What you are asked to do — Retype, exactly as they stand, the lines from the start of the data to the line that contains "экокожа, защита камеры", both ends included. Leave the pictures out.

______________________________

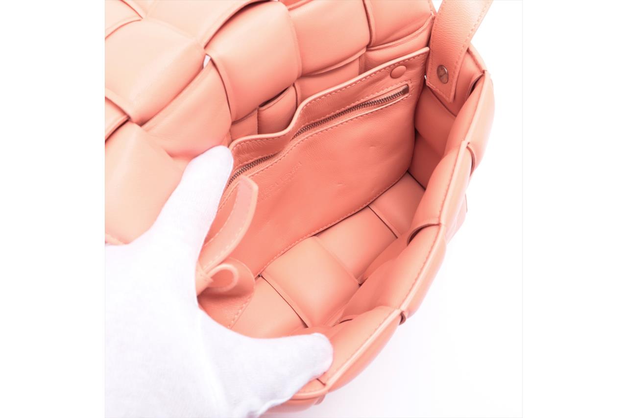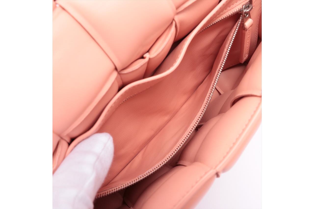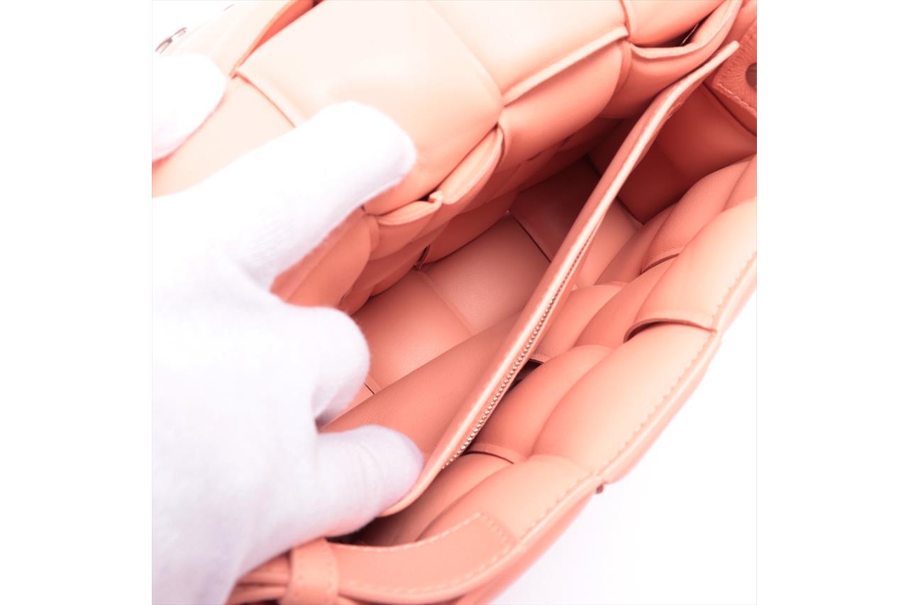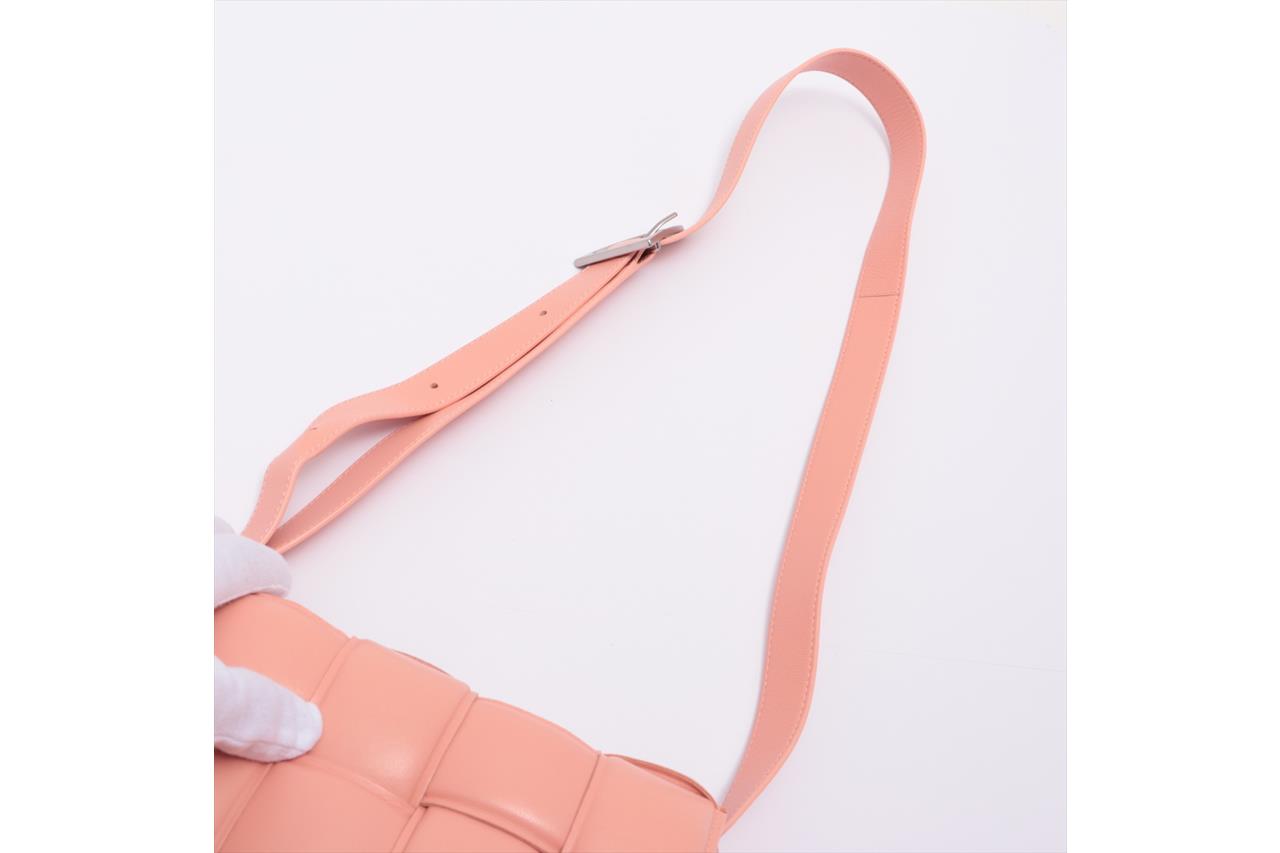 Bottega Veneta Padded Intrecciato-woven Lambskin Shoulder Bag in Pink. Silver-tone hardware. Made in Italy. Adjustable shoulder strap with pin-buckle fastening. Approximate dimensions: 26cm (L) x 18cm (H) x 6cm (D). With Entrupy Certificate of Authenticity. Accompanied by Bottega Veneta dust bag. (Pre-owned)
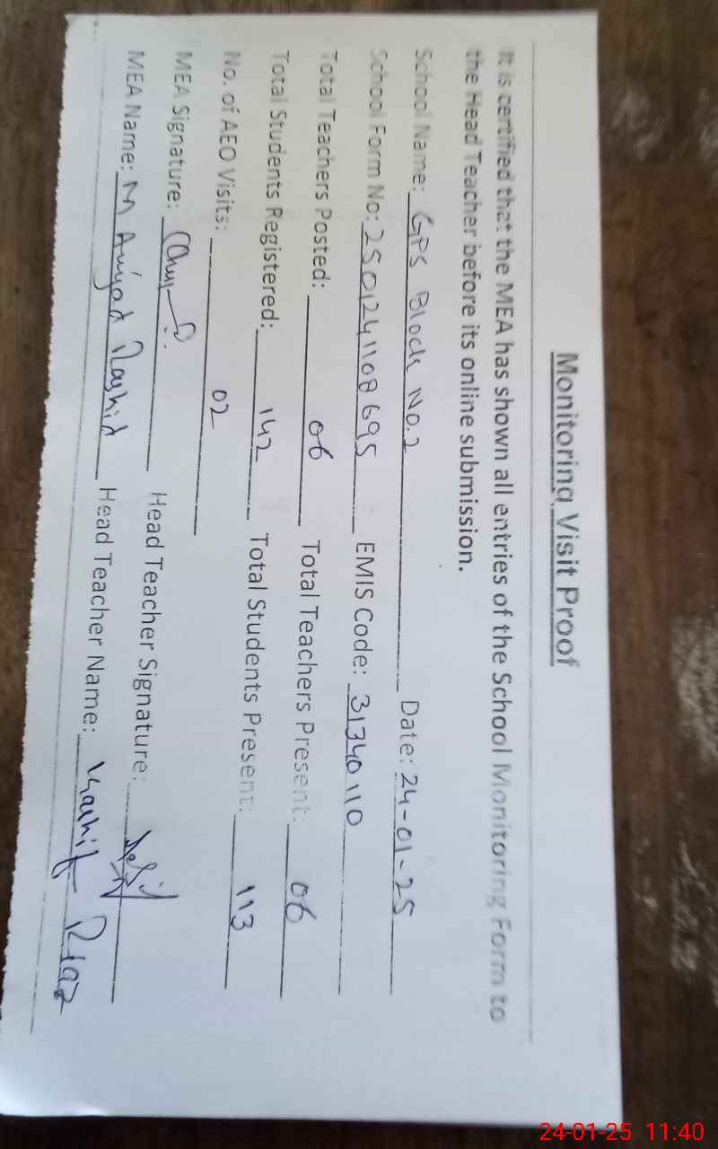 | EMIS Code: 31340110 | Name of School: GPS BLOCK NO. 2 MUHAJIR COLONY | |||
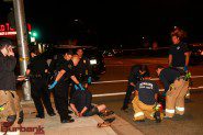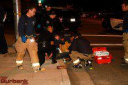A Burbank police officer approached a man who was bleeding in the intersection of Glenoaks and Providencia and the man, who was believed to be impaired, attacked the officer sending him to a local hospital with non-life threatening injuries.
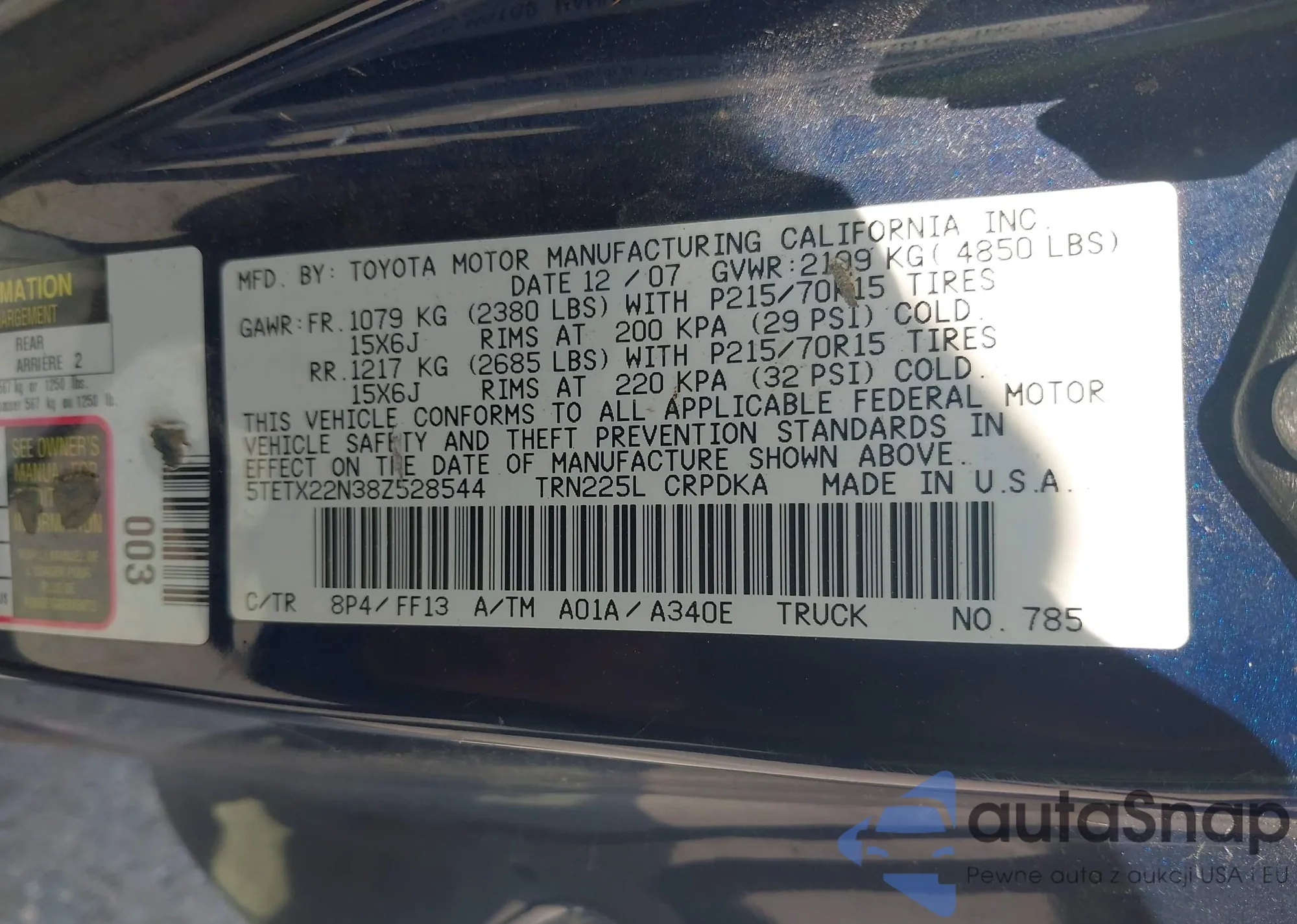 • VIN 5TETX22N38Z528544
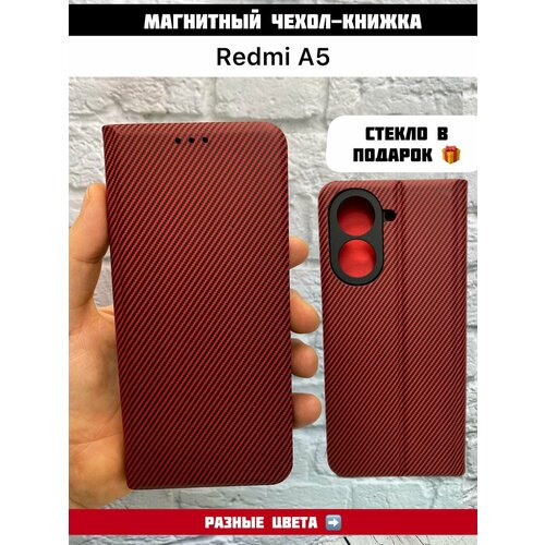 Чехол-книжка "Карбон", для Redmi A5/Poco C71, экокожа, защита камеры
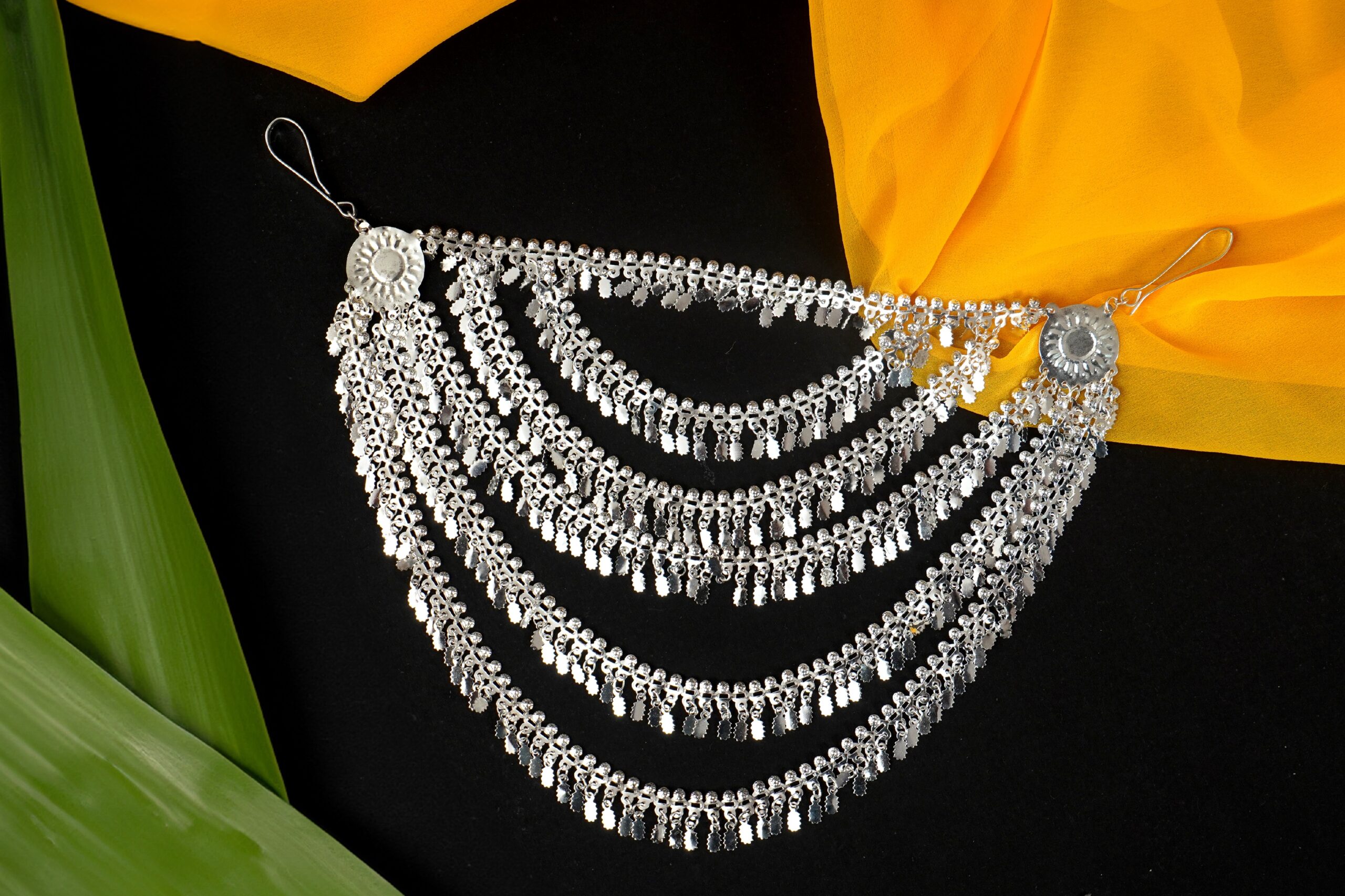 Women’s five-layer fashionable silver kamarbandhs are a striking and elegant piece that blends classic charm with contemporary style. This elaborate item, which accentuates the waistline and goes well with a range of ensembles, has several layers of tiny silver chains. Women who value both classic and modern jewelry designs will love the visually dynamic impact created by the five-layer design.
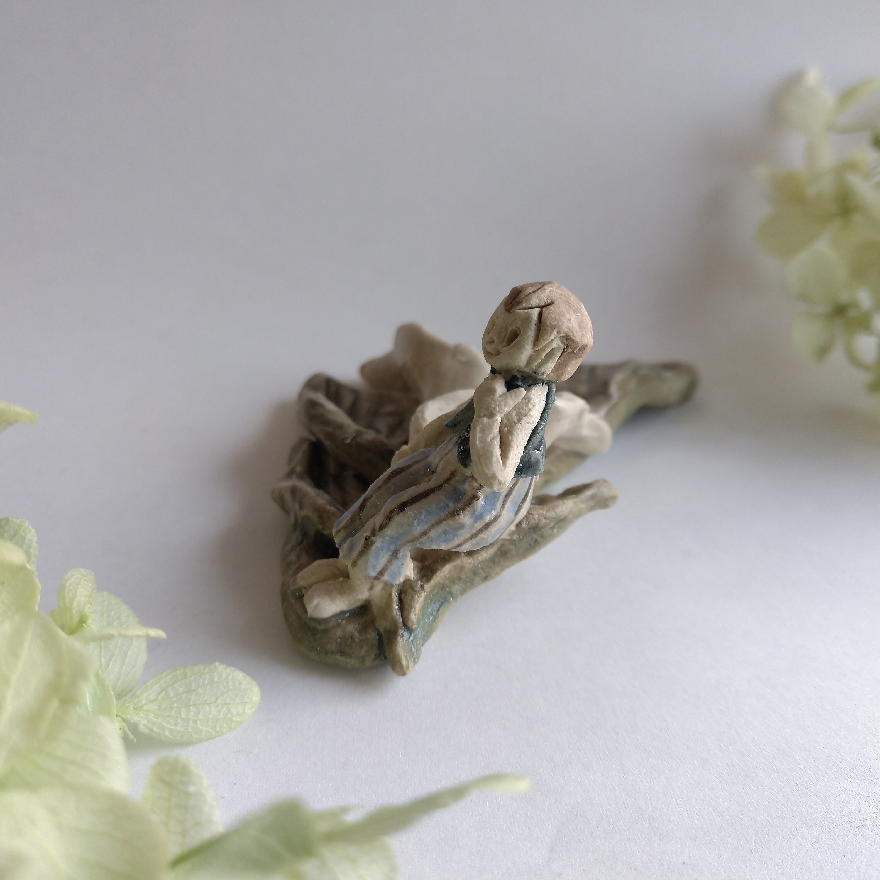 好きな花や、その花言葉をイメージしたりしながら、自分の身体が小さくなったら、こんな風に花の妖精のように寄り添ってみたいなぁと思いながら制作してみました。

______________________________

Output of the task —
 Bottega Veneta Padded Intrecciato-woven Lambskin Shoulder Bag in Pink. Silver-tone hardware. Made in Italy. Adjustable shoulder strap with pin-buckle fastening. Approximate dimensions: 26cm (L) x 18cm (H) x 6cm (D). With Entrupy Certificate of Authenticity. Accompanied by Bottega Veneta dust bag. (Pre-owned)
 | EMIS Code: 31340110 | Name of School: GPS BLOCK NO. 2 MUHAJIR COLONY | |||
A Burbank police officer approached a man who was bleeding in the intersection of Glenoaks and Providencia and the man, who was believed to be impaired, attacked the officer sending him to a local hospital with non-life threatening injuries.
 • VIN 5TETX22N38Z528544
 Чехол-книжка "Карбон", для Redmi A5/Poco C71, экокожа, защита камеры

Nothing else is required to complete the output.